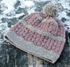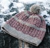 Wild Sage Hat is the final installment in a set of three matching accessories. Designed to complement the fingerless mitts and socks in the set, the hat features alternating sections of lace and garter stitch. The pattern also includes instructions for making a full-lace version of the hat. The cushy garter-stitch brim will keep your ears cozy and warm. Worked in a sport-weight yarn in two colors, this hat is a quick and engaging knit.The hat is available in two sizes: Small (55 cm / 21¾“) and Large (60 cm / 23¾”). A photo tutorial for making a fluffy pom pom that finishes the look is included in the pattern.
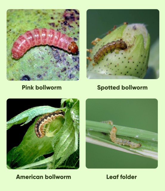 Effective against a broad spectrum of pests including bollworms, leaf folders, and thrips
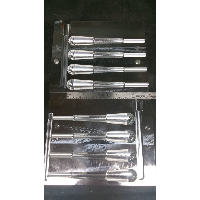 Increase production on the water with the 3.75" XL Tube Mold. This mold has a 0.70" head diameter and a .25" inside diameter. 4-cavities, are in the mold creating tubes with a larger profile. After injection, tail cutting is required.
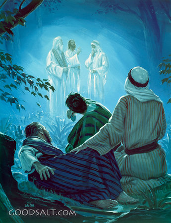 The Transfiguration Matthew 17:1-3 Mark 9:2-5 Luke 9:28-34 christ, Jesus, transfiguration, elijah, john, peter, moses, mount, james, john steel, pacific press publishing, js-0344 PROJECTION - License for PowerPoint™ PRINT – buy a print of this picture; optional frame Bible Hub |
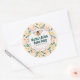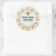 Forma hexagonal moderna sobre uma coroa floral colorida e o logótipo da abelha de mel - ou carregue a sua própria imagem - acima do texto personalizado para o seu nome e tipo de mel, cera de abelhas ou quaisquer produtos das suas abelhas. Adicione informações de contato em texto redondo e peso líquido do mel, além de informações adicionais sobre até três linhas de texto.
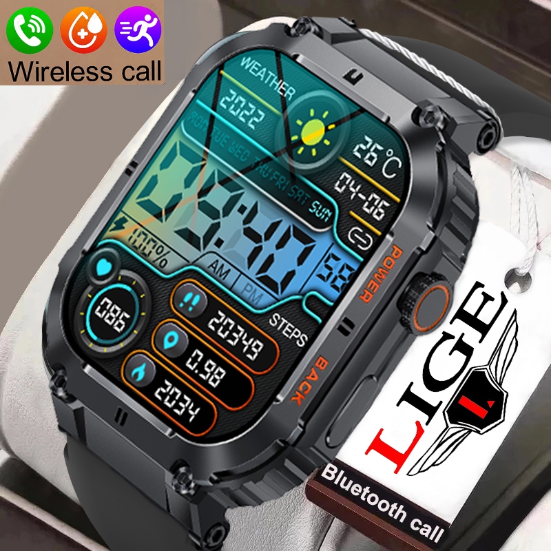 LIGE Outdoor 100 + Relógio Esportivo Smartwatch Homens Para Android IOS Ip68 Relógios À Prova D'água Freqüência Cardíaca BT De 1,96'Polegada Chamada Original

_ _ _ _ _

• What this task involves: Your task is to copy exactly the lines from the line containing "Forma hexagonal moderna" through the final line of the listing above and to omit every picture.

• Response:
 Forma hexagonal moderna sobre uma coroa floral colorida e o logótipo da abelha de mel - ou carregue a sua própria imagem - acima do texto personalizado para o seu nome e tipo de mel, cera de abelhas ou quaisquer produtos das suas abelhas. Adicione informações de contato em texto redondo e peso líquido do mel, além de informações adicionais sobre até três linhas de texto.
 LIGE Outdoor 100 + Relógio Esportivo Smartwatch Homens Para Android IOS Ip68 Relógios À Prova D'água Freqüência Cardíaca BT De 1,96'Polegada Chamada Original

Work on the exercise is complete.